3.3. Characteristics of Total Patients
Univariate and multivariate Cox regression analyses were performed to analyze the relationship between benefit items and 1-year mortality among all enrolled patients (Table 3). Group B benefit items were associated with a better survival rate in both univariate and multivariate analyses. The Kaplan-Meier survival estimate correlated with the categories of benefit items, as shown in Figure 3. The Kaplan-Meier estimate of survival did not significantly differ between patients covered by the health insurance benefit extension policy and control patients (Figure 3A). However, the survival curves of patients in group A, group B, and the control group significantly differed according to the log-rank test (P<0.001), and patients in group B had the highest survival probability (Figure 3B).
4. Discussion
Our study investigated the impact of the NHIS health insurance benefit extension policy on long-term outcomes of patients diagnosed with severe pneumonia requiring MV. This analysis utilized the largest national dataset representing the entire Korean population. Our findings revealed a positive association between the benefit items covered under this policy and 1-year mortality among critically ill patients receiving MV for severe pneumonia. To our knowledge, this study is the first to illustrate the potential influence of a government-driven medical expenditure reduction policy on the outcomes of critically ill patients.
There was no significant difference in the 1-year mortality rate between patients with benefit items and those without. However, upon further analysis by categorizing the entire range of benefit items into four groups, we observed variations in the 1-year mortality rate according to the specific benefit items. Notably, patients with group B benefit items had a lower 1-year mortality rate than those with group A benefit items and those without any benefit items. Patients of group B received more medical resources during their ICU stay, and their out-of-pocket medical expenditure was significantly lower than those of patients with group A benefit items and patients without any benefit items.
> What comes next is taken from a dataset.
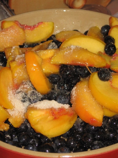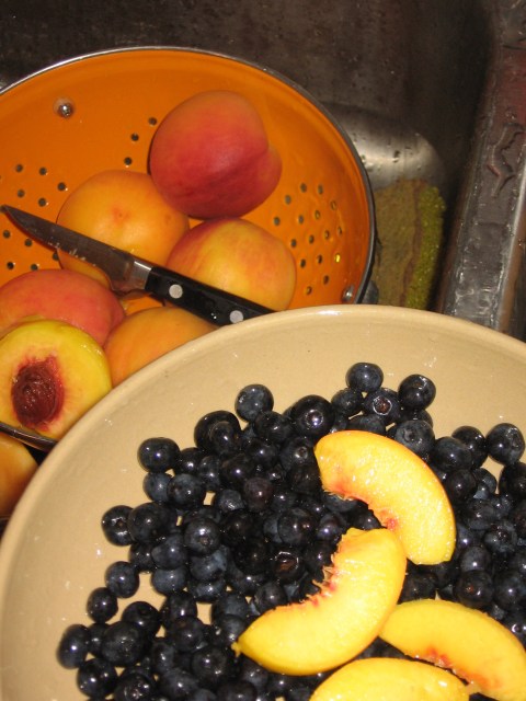 I ran home this afternoon with a brown paper bag filled with peaches to a fridge filled with blueberries (okay, not filled but containing blueberries). I had a few minutes, and wanted to put the fruits together into a baked something. It is too hot right now for me to bake a pie (my kitchen isn’t air-conditioned, and that makes for a wimpy crust, and lots of frustration), so I went for a cobbler.

These results suggest that critical care physicians have the opportunity to allocate more medical resources for optimal treatment in patients with these specific benefit items [14]. Furthermore, it is imperative that physicians consider the benefit items of critically ill patients when planning future treatments in collaboration with their families and surrogates [10].
Patients of group A had lower out-of-pocket medical expenditure as a proportion of total medical expenditure compared to those of group B and those without any benefit items. However, they had a significantly higher 1-year mortality rate. The clinical outcomes of patients with group A benefit items varied according to factors such as the type and stage at initial diagnosis and the treatment process. Additionally, outcomes depended on whether patients achieved remission following treatment or progressed to an advanced or terminal stage despite treatment. The retrospective design of this study limited our ability to assess the impact of these benefit items on clinical outcomes according to various clinical courses. Further research involving a larger number of patients is necessary to evaluate the effects of benefit items on the prognosis of critically ill patients with hemato-oncologic malignancies.
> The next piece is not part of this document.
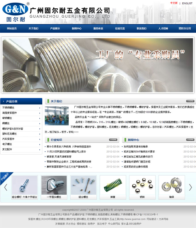 项目名称:广州固而耐五金有限公司网站建设签定日期:2012年2月11日网址:http://www.guernai.com广州固尔耐五金有限公司专业从事不锈钢螺丝,不锈钢螺母,螺纹护套,紧固件及工业配件服务,我们已积累超过十年以上的专业服务经

Approximately 50% of total enrolled patients were considered eligible for at least one benefit item during their hospitalization. Our findings suggest that national health insurance policies lower the threshold for medical utilization, potentially leading to increased use of medical resources [14]. However, literature concerning the association between government-driven health insurance policies and clinical outcomes, particularly in the critical care field, is limited. The introduction of insurance benefits established by the government for patients with life-threatening diagnoses (such as septic shock and acute respiratory distress syndrome) may improve outcomes.
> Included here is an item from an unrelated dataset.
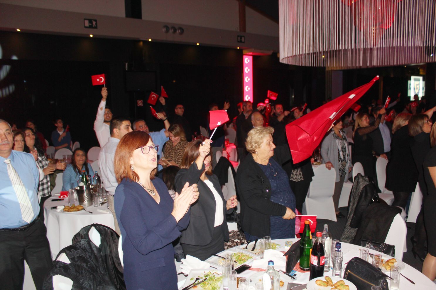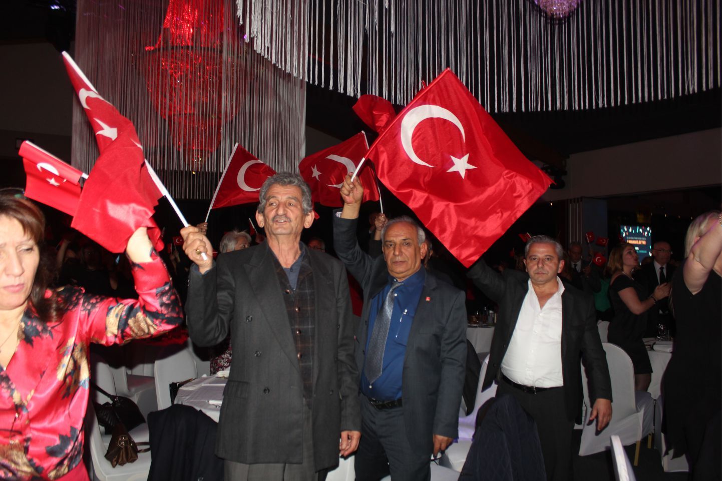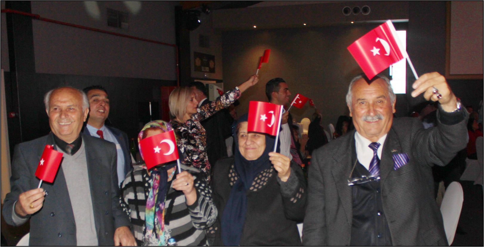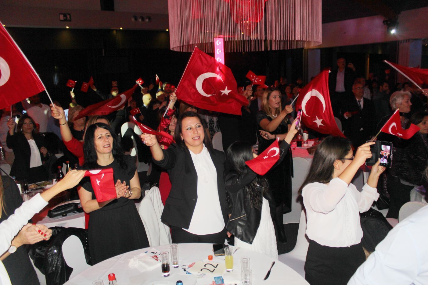 Ellerindeki Türk bayraklarıyla gecenin geç saatlerine kadar kutlamaya katılan davetliler, ilk olarak hep birlikte şehitlere saygı duruşunda durup ve İstiklal marşının okunmasıyla program start aldı.

This study represents several limitations. First, our study had a retrospective observational design, making it susceptible to unmeasured confounders. Therefore, further research performing statistical analysis of various variables is necessary. Second, we were unable to assess severity-of-illness and organ failure scores, such as the Acute Physiology and Chronic Health Evaluation (APACHE II) and Sequential Organ Failure Assessment (SOFA) scores [15,16], as well as pneumonia severity index (PSI) and CURB 65 scores [17,18], at ICU admission because various parameters necessary to calculate these scores were not recorded in the NHIS database. Third, although we hypothesized that long-term outcomes differed according to whether patients had community- or hospital-acquired pneumonia, we could not accurately distinguish between these diagnoses due to the retrospective design.
5. Conclusions
In this nationwide cohort analysis of patients with pneumonia requiring MV, patients eligible for benefit items in three categories (cerebrovascular, cardiovascular, and rare diseases) under the national health insurance benefit extension policy in Korea had a lower 1-year mortality rate. Large-scale studies are warranted to assess the impact of these government-driven medical expenditure reduction items on clinical outcomes in the critical care field.
Supplementary Materials
The following supporting information can be downloaded at the website of this paper posted on Preprints.org, Table S1: ICD-10-based classification of V-coded diseases with health insurance benefit extension policy; Table S2: Demographic and Clinical characteristics of patients with each health insurance benefit extension policy item.
Author Contributions
Conceptualization, W.Y. and K.L.; methodology, K.L.; software, J.S. and J.K.; validation, M.K.L., H.P. and Y.K.; formal analysis, M.K.; investigation, H.J.; resources, W.Y.; data curation, K.L.; writing—original draft preparation, W.Y.; writing—review and editing, K.L.; visualization, J.S. and J.K.; supervision, M.K.L.; project administration, H.P.; funding acquisition, W.Y.
Funding
This research received no external funding
Institutional Review Board Statement
The study was conducted in accordance with the Declaration of Helsinki, and approved by the Institutional Review Board of Pusan National University Hospital (IRB No. 2208-020-118).
Informed Consent Statement
Informed consent was waived from all subjects or their families involved in the study, because our study was observational, retrospective design.
Data Availability Statement
The data presented in this study are available upon request from the corresponding author. The data are not publicly available due to privacy regulations.
Acknowledgments
This study was supported by Biomedical Research Institute Grant (20220195), Pusan National University Hospital
Conflicts of Interest
The authors declare no conflicts of interest.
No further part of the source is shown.